DATASET EXTRACT →
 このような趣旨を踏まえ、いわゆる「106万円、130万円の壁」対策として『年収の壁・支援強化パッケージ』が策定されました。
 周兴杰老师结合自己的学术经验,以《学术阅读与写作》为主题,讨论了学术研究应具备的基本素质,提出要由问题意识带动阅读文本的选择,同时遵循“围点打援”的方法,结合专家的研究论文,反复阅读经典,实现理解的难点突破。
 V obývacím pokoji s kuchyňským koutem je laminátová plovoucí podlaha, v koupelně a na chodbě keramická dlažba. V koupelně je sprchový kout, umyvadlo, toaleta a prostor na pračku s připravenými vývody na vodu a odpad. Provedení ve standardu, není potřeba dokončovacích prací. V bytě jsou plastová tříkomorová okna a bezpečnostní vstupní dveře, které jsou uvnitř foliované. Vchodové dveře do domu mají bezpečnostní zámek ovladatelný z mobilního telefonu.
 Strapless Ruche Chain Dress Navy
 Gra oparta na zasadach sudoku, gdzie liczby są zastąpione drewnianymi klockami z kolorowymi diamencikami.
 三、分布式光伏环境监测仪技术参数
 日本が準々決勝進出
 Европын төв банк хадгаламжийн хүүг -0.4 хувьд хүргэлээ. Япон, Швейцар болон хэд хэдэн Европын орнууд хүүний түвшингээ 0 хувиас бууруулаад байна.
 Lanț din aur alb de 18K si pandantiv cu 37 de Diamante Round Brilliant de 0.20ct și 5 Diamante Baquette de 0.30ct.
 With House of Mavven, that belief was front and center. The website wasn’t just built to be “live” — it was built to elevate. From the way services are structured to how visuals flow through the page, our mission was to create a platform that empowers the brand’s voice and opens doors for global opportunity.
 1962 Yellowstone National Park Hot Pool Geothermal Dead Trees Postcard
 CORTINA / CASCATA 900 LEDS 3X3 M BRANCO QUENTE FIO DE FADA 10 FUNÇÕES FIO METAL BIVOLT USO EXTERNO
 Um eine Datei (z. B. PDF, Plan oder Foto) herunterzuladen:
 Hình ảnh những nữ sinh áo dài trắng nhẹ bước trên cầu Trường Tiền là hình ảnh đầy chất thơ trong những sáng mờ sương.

ABOUT THIS TASK →
Give back every line from the beginning of the records through the line holding "CORTINA / CASCATA", exactly as it reads, and leave out the rest.

EXERCISE RESULT →
 このような趣旨を踏まえ、いわゆる「106万円、130万円の壁」対策として『年収の壁・支援強化パッケージ』が策定されました。
 周兴杰老师结合自己的学术经验,以《学术阅读与写作》为主题,讨论了学术研究应具备的基本素质,提出要由问题意识带动阅读文本的选择,同时遵循“围点打援”的方法,结合专家的研究论文,反复阅读经典,实现理解的难点突破。
 V obývacím pokoji s kuchyňským koutem je laminátová plovoucí podlaha, v koupelně a na chodbě keramická dlažba. V koupelně je sprchový kout, umyvadlo, toaleta a prostor na pračku s připravenými vývody na vodu a odpad. Provedení ve standardu, není potřeba dokončovacích prací. V bytě jsou plastová tříkomorová okna a bezpečnostní vstupní dveře, které jsou uvnitř foliované. Vchodové dveře do domu mají bezpečnostní zámek ovladatelný z mobilního telefonu.
 Strapless Ruche Chain Dress Navy
 Gra oparta na zasadach sudoku, gdzie liczby są zastąpione drewnianymi klockami z kolorowymi diamencikami.
 三、分布式光伏环境监测仪技术参数
 日本が準々決勝進出
 Европын төв банк хадгаламжийн хүүг -0.4 хувьд хүргэлээ. Япон, Швейцар болон хэд хэдэн Европын орнууд хүүний түвшингээ 0 хувиас бууруулаад байна.
 Lanț din aur alb de 18K si pandantiv cu 37 de Diamante Round Brilliant de 0.20ct și 5 Diamante Baquette de 0.30ct.
 With House of Mavven, that belief was front and center. The website wasn’t just built to be “live” — it was built to elevate. From the way services are structured to how visuals flow through the page, our mission was to create a platform that empowers the brand’s voice and opens doors for global opportunity.
 1962 Yellowstone National Park Hot Pool Geothermal Dead Trees Postcard
 CORTINA / CASCATA 900 LEDS 3X3 M BRANCO QUENTE FIO DE FADA 10 FUNÇÕES FIO METAL BIVOLT USO EXTERNO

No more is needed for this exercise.